Objectives Understanding the mechanisms of fibrosis development in the heart during hypertension is pivotal to find new therapies to counteract heart failure. In this study, we aimed to define the role of Cathepsin S (Cat S) in the development of cardiac inflammation and fibrosis induced by angiotensin II (Ang II).
Methods Cat S-/- and age-matched wild-type (WT) C57BL/6J mice were infused continuously with Ang II or saline for 7 days. Immunohistochemical staining and real-time PCR were performed for cardiac fibrosis and inflammation detection. LC3 level either in Ang II-infused hearts or in cultured macrophages were determined by Western Blot and transmission electron microscopy. NF-kB transcriptional activity of macrophages was measured after adenovirus infection with NF-kB luciferase reporter.
Results Cat S-/- mice showed severe cardiac fibrosis, including elevated expression of collagen I and α-SMA as compared with WT mice. Moreover, macrophage infiltration and expression of inflammatory cytokines (TNF-α, TGF-β1 and IL-1β) were significantly higher in Cat S-/- than WT hearts. These Ang II-induced effects in Cat S-/- mouse hearts was associated with abnormal accumulation of autophagosomes and reduced clearance of damaged mitochondria, which led to increased levels of ROS and activation of NF-kB in macrophages.
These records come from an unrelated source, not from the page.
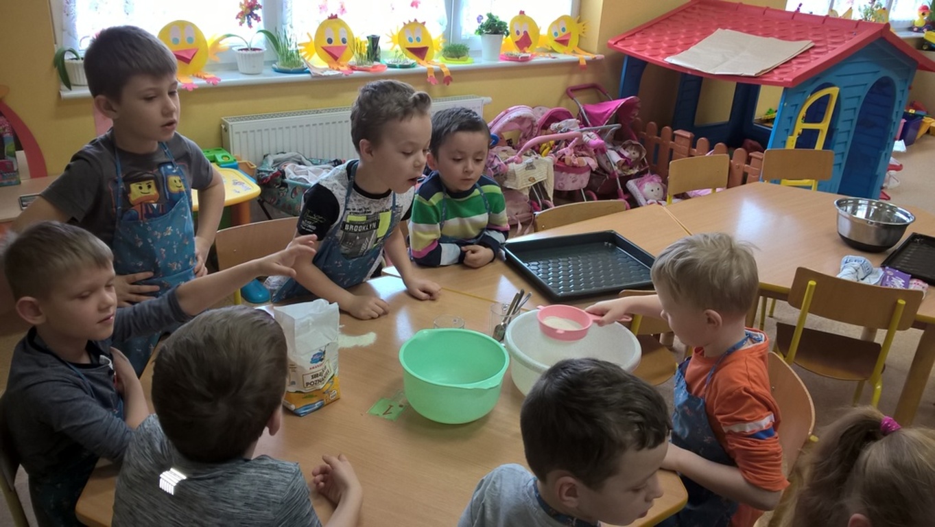 Tuż przed świętami wielkanocnymi przedszkolaki z grupy –6latki postanowiły upiec mufinki.
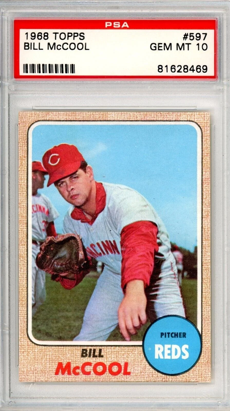 Shop › 1968 Topps Bill McCool 597 PSA 10 Reds 13035 Image 1 of 1 1968 Topps Bill McCool 597 PSA 10 Reds 13035 $1,198.00 Thousands of high grade PSA cards available New cards added weekly Always check KRISKEPPLERSPORTSCARDS Add To Cart Added! Thousands of high grade PSA cards available New cards added weekly Always check KRISKEPPLERSPORTSCARDS
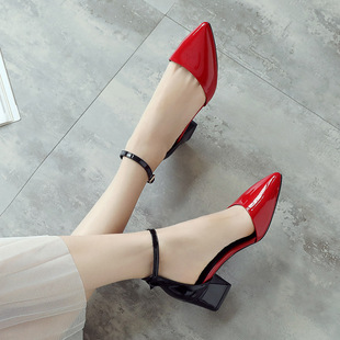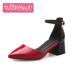 女夏季 子女鞋 新款 简约包头粗跟高跟鞋 真皮红色中空单鞋 一字带凉鞋
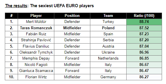 Taras Romanczuk jest najseksowniejszym piłkarzem w Polsce, z wynikiem atrakcyjności 87,52/100. Serbia jest najatrakcyjniejszą drużyną EURO 2024, szczycąc się średnim wskaźnikiem atrakcyjności twarzy 77,90/100, a obrońca Strahinja Pavlović uzyskał wynik 87,20/100. Mert Müldür (Turcja) jest najseksowniejszym piłkarzem, uzyskując wynik 88,74/100 za atrakcyjność. Szwajcaria ma najmniej atrakcyjną drużynę według złotego podziału, uzyskując wynik 68,13/100.
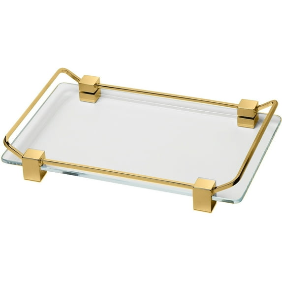BoxMetal Bathroom Vanity Countertop Guest Towel and Organizer Tray, Brass, Glass
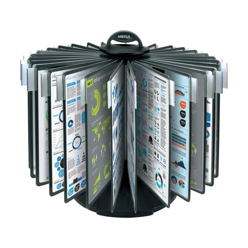 Демосистема настольная ProMega office вращающаяся с 30 панелями формата A4 серого цвета<br> <br> Демонстрационная система предназначена для размещения документов формата А4. Она оснащена 30 серыми панелями с цветными закладками-табуляторами, которые позволяют удобно сортировать информацию и быстро находить нужные материалы. В сумме в системе можно разместить до 60 документов.<br> <br> Панели выполнены из полипропилена, пригодного для повторной переработки. Прочные прозрачные карманы защищают документы от повреждений и обеспечивают их аккуратную подачу.<br> <br> Система оснащена круговым держателем, вращающимся на 360 градусов. Такая конструкция удобна для коллективного использования и даёт возможность нескольким людям одновременно работать с документами. Устойчивое основание предотвращает опрокидывание во время эксплуатации.<br> <br> В комплект входят основание, панели, табуляторы и отвёртка для сборки, которая позволяет установить систему без поиска дополнительных инструментов.
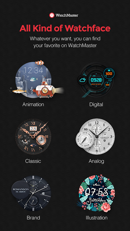Our application contains a marvelous collection of watchfaces(watch backgrounds) crafted by our finest and certified global designers.
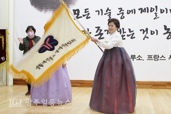제16대 정미자 (사)한국생활개선광주광역시연합회장은 연합회 기를 전달받고 힘차게 흔들고 있다.
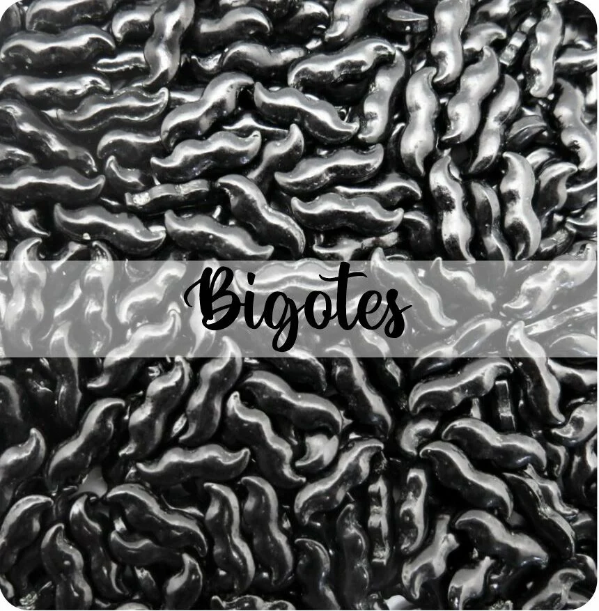 Gragea comestible con forma de bigotes, especiales para decoración de tortas, cupcakes, galletas y una gran variedad de creaciones en bizcochería, pastelería, galletería y heladería.
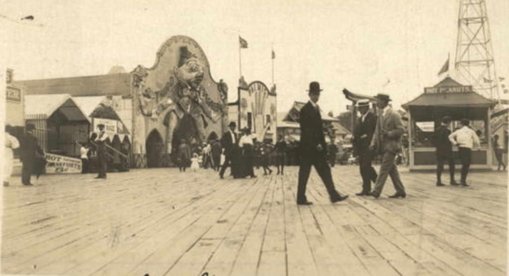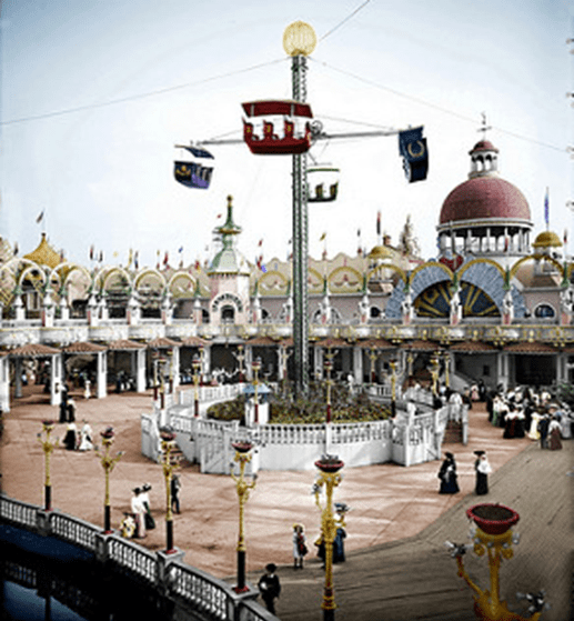 The Velvet Coaster was installed in Wonderland in 1907, the year after it opened. It was much more of what we think of as a “roller coaster” than the LaMarcus Thompson Scenic Railway, with its gentle up-and-down undulations. The Velvet Coaster had steeper drops and more sudden turns, but it was still not as jarring as other roller coasters, hence the name “Velvet” Coaster. They hoped to appeal to a crowd not looking for extreme attractions.

Conclusions Cat S is a lysosomal protease expressed in human atherosclerotic and aneurysmal tissues that may contribute to inflammatory diseases. Clearance of damaged mitochondria prevents ROS production and inflammation. Ang II infusion increased Cat S expression in macrophages, and Cat S knockout led to significant accumulation of autophagosomes, increased macrophage production of mitochondrial ROS and activation of NF-kB, which led to macrophage infiltration and expression of pro-inflammatory cytokines and cardiac fibrosis. We provide novel insights into the roles of Cat S in regulating cardiac fibrosis and the inflammatory response to Ang II in mouse by modulating mitophagy degradation.